A cooldown period: "conceals" a scale-in/scale-out events to prevent a storm of scaling activities (in other words to ensure that your Auto Scaling group doesn’t launch or terminate additional instances before the previous scaling activity takes effect). So if a scaling activity has been initiated – no new scaling activity will be initiated till the Cooldown period is over.
So how does all of these stack together?
Great question!
– Cooldown period applies to simple-scaling ONLY.
– Warm-up period applies to target and step-scaling policies and it does not prevent an ASG from firing off additional scale-out/in impulses.
_The main issue with simple scaling is that after a scaling activity is started, the policy must wait for the scaling activity or health check replacement to complete and the cooldown period to expire before responding to additional alarms. Cooldown periods help to prevent the initiation of additional scaling activities before the effects of previous activities are visible. _In contrast, with step scaling the policy can continue to respond to additional alarms, even while a scaling activity or health check replacement is in progress. Therefore, all alarms that are breached are evaluated by Amazon EC2 Auto Scaling as it receives the alarm messages. link
Still following me?
A few further questions I wasn’t able to google a definitive answer to:
Does health-check grace period (HCGP) stacks on top of warm-up period?
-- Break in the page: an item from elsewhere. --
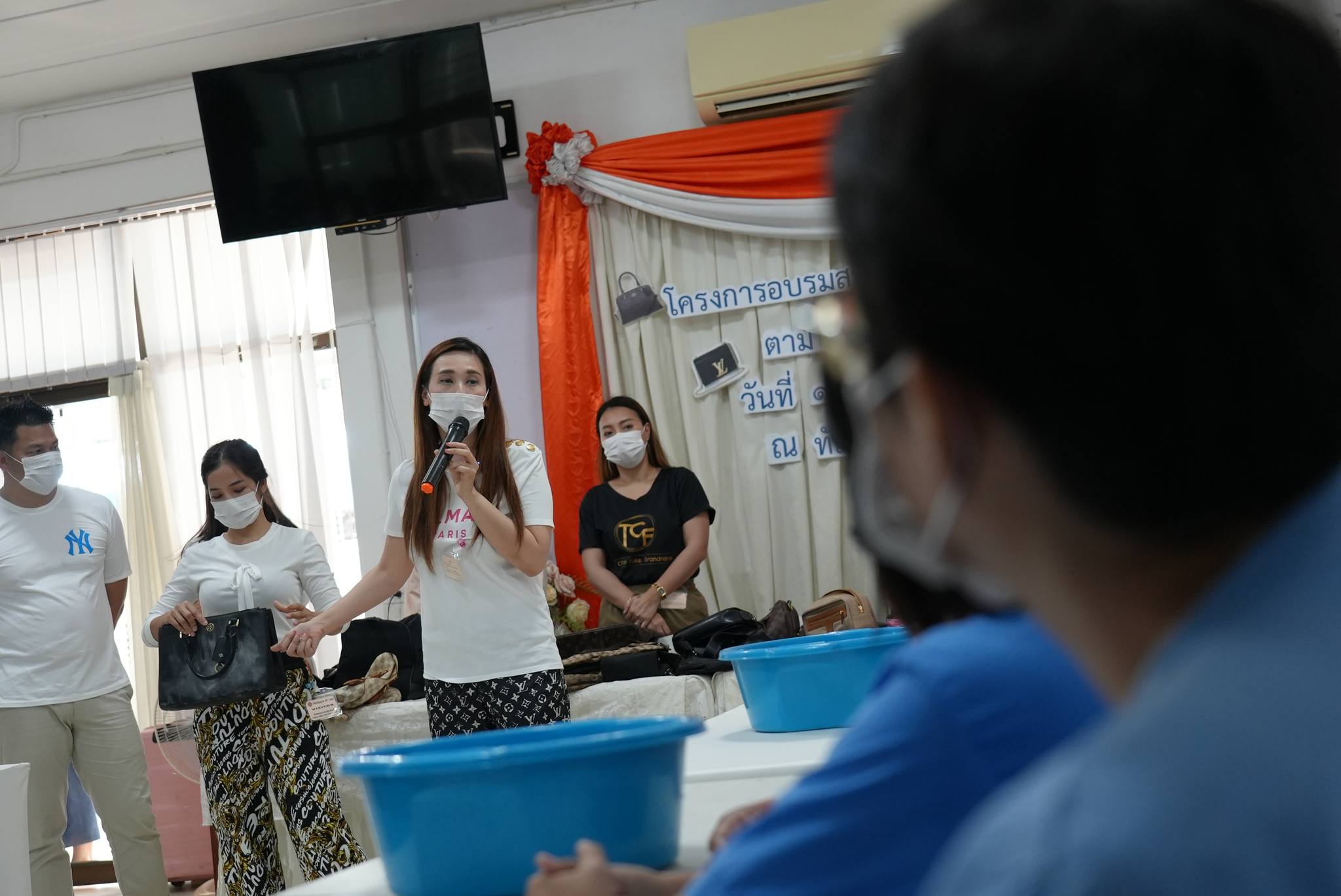 โรงเรียนเดอะแคทช์เฟคแบรนด์เนม เปิดหลักสูตรสปากระเป๋าและสอนดูกระเป๋าแบรนด์เนมแท้-ปลอม ให้แก่ประชาชนผู้สนใจทั่วไป และรับเป็นที่ปรึกษาให้แก่หน่วยงานภาครัฐในการตรวจสอบกระเป๋าแบรนด์เนมแท้-ปลอม ตั้งแต่ปี พ.ศ. 2561 โดยมีครูที่มีความเชี่ยวชาญด้านกระเป๋าแบรนด์เนมมากกว่า 10 ปี จึงได้เชิญชวนลูกศิษย์ร่วมมาเป็นวิทยากรในครั้งนี้อีกหลายท่าน เพื่อให้การฝึกปฏิบัติในครั้งนี้ของผู้ต้องขังได้รับคำแนะนำอย่างใกล้ชิด เนื้อหาการอบรม เริ่มต้นด้วยการแนะนำให้รู้จักประเภทของวัสดุที่ใช้ทำกระเป๋า เช่น ผ้า แคนวาส หนังวัว และอุปกรณ์ทำความสะอาดกระเป๋าชนิดต่างๆ เช่น น้ำยาซัก ครีมลบรอย ยางลบปากกา จากนั้นเป็นการอบรมเรื่องความต้องการของตลาดธุรกิจสปากระเป๋าแบรนด์เนม วิธีคิดอัตราค่าบริการ และลงมือฝึกปฏิบัติทำความสะอาดกระเป๋าประเภทงานซัก การลบรอยปากกาบนกระเป๋าด้วยยางลบปากกา Ink cleaner บนกระเป๋า Longchamp วิธีการทำความสะอาดกระเป๋าประเภทแคนวาส เช่น LV โดยใช้ครีมลบรอย Delicate Gel การกำจัดเชื้อราบนกระเป๋า การบำรุงรักษากระเป๋าหนังวัวด้วย Whale Wax การขัดอะไหล่ทองเหลือง การพ่นเคลือบกันน้ำให้กระเป๋า การทำยาแนวแบบไม่นูน ช่วงท้าย มีการจำลองสถานการณ์บทสนทนาในการให้บริการลูกค้า และการประเมินการอบรมโดยทดสอบความรู้รายกลุ่ม (3 คน) เกี่ยวกับอุปกรณ์และวิธีการทำความสะอาดแล้วจึงมอบเกียรติบัตรให้แก่ผู้เข้าร่วมการอบรมทั้ง 27 คน และถ่ายภาพหมู่ร่วมกัน ผู้ต้องขัง 3 คน ที่กำลังจะพ้นโทษใน 4 เดือนบอกว่าตนเองสามารถจดจำวัสดุอุปกรณ์และวิธีการได้อย่างแม่นยำ

(My guess is they are unraleted.)
Should HGCP be always greater than the warm-up period?
(I guess it should.)
What if you set the health-check grace period too short and you ELB considers a still-booting instance unhealthy and orders a replacement? Are you going to end up in an endless loop of replacing a not-yet-ready instance?
(I guess it could happen.)
Bonus consideration: by default an ELB health-check needs 2 consecutive probes to fail to declare an EC2 as unhealthy and it sends them 30sec apart which adds additional time delay. Not confused yet? I didn’t mention lifecycle hooks yet.
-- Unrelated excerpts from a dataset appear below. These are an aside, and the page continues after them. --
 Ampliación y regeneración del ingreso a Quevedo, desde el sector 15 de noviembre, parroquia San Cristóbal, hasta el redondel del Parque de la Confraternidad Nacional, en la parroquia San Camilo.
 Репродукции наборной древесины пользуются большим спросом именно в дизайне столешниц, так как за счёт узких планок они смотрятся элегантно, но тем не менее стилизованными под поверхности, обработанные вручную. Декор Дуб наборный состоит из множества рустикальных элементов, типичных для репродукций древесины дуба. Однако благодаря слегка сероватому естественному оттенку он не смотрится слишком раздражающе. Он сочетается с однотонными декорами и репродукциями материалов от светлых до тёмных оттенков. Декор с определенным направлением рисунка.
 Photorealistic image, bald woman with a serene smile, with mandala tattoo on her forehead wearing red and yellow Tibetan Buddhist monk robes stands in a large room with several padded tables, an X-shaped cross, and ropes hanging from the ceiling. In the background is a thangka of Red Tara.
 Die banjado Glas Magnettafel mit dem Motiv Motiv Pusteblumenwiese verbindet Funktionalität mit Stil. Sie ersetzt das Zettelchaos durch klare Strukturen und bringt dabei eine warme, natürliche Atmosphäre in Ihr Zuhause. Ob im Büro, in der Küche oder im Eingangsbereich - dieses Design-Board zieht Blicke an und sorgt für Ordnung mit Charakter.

Hey Carlos, i had the same question and just realized this way. The following part is from AWS documentation "While scaling out, we do not consider instances that are warming up as part of the current capacity of the group. Therefore, multiple alarm breaches that fall in the range of the same step adjustment result in a single scaling activity. This ensures that we don’t add more instances than you need. " (https://docs.aws.amazon.com/autoscaling/ec2/userguide/as-scaling-simple-step.html#as-step-scaling-warmup).
So let’s say if we have a condition that Cloudwatch sends alarm if the CPU reaches 60%, the autoscaling adds 2 more instances in that case. No untill those 2 newly created hosts are under warm-up period, if we get the same alerts again(for 60% CPU), Autoscaling will ignore those alerts untill the warm-up for the newly created instances are expired so this way it prevents adding additional instances.